There was a fair amount of discussion in the externships thread about working abroad and I thought it would be good to get a discussion going on what is involved with working abroad. I think it would be very useful for all of us to share tips on how we got their, found a job, what happened etc.

I did not do an externship overseas as I felt it was too short a time to go all the way over to Europe to work just to come back in five months. On top of that I didn't really know anyone to tell you the truth so I stuck with the states. However after school I made a good friend who had worked in both France and Switzerland and he was able to hook me up with a couple week to two week stints. It is worth noting that I tried going through two chefs that I worked with before and it was a long waiting game, writing a formal request in one instance and sending it all the way to France. In the end these two chefs I think we just two darn busy to help a lowly culinary grad. My friend who helped me simply called over there and the people said yes the rest was up to me.

I left the states with a one way ticket and made my way to Bourg En Bresse France and introduced myself. They asked me how long I would stay and I told them i could only stay a week but would like to stay longer if that was ok. They gave me a place to sleep and fed me twice a day. After a week it was time for me to go and I asked the chef if he would have me back and he said yes just to call him when I was done in Switzerland.

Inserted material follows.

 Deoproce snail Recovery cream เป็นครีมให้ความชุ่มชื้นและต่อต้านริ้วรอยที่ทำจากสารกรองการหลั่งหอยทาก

A coupe of important points to share here:

No working papers
Did not get paid anything in France just a nice room to stay in and a couple mealsI
I initiated an offer to stay longer
Cleaned more than any other place I have worked in
Did not speak French
The restaurant I worked in was a 1 star (much easier to get into)
Switzerland was different I arrived and worked about 3 weeks total (worked my but off), and hit it off with the owner and his wife. It was a big shop and they moved me around quite a bit. After 3 weeks he asked if I would stay because the holidays were coming up and I said yes but I need a place to stay. They found me a really nice room which they paid for and they paid me some pocket money. This is far more dangerous than what I was doing in France and if I would of been caught I would of been asked to leave the country. All in all I stayed a little over 8 months.

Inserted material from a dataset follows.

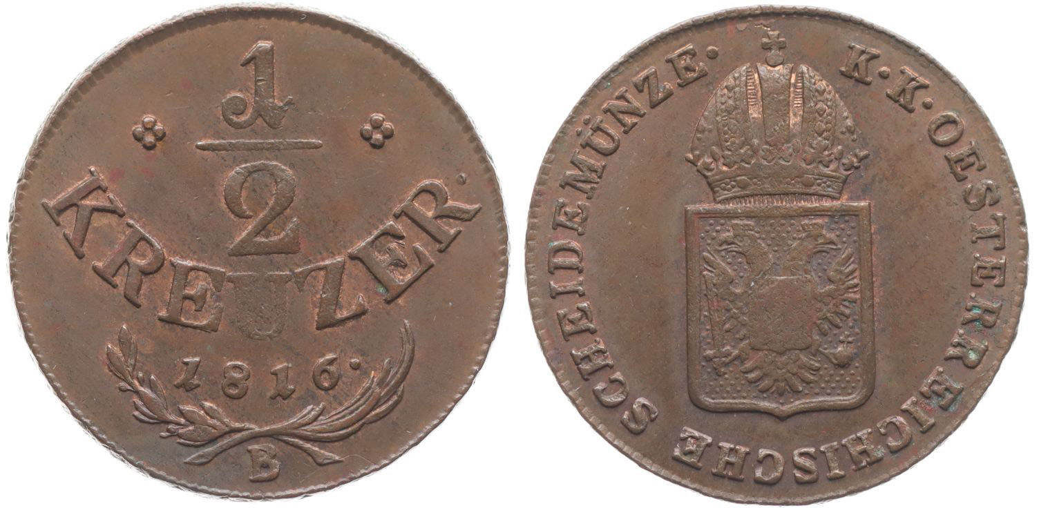Cu 1/2 Krejcar 1816 B, mincovna Kremnice

There is more to my story but I will stop for now to hear what others have to say. The main thing I learned about getting a job overseas is:

You don't necessarily need workign papers especially if your not going two be working very long.
Don't go for the big places try for a 1-2 establishment, you will learn more.
Go to the islands (Greek) during the season (April - Oct) and you will always be able to get a job. Likwise head to the ski resorts in the alps during the winter season and you will have no problem getting a job.
Work hard and show them your serious (don't complain) and initiate opportunities to stay longer.
 Anyone else have some tips or experiences to share? Hope my comments are helpful.


----------



## someday (Aug 15, 2003)

Great post thats good advice. I've often thought of doind something like that--how did you get past the language barrier, if I may ask? Was it difficult?


----------



## nicko (Oct 5, 2001)

In France it was tough I had to rely on just common sense and some broken English from the Sous Chef. In Switzerland just about everyone spoke English. Itally was the toughest because no one spoke English but again just using your common sense in the kitchen can get you pretty far.


----------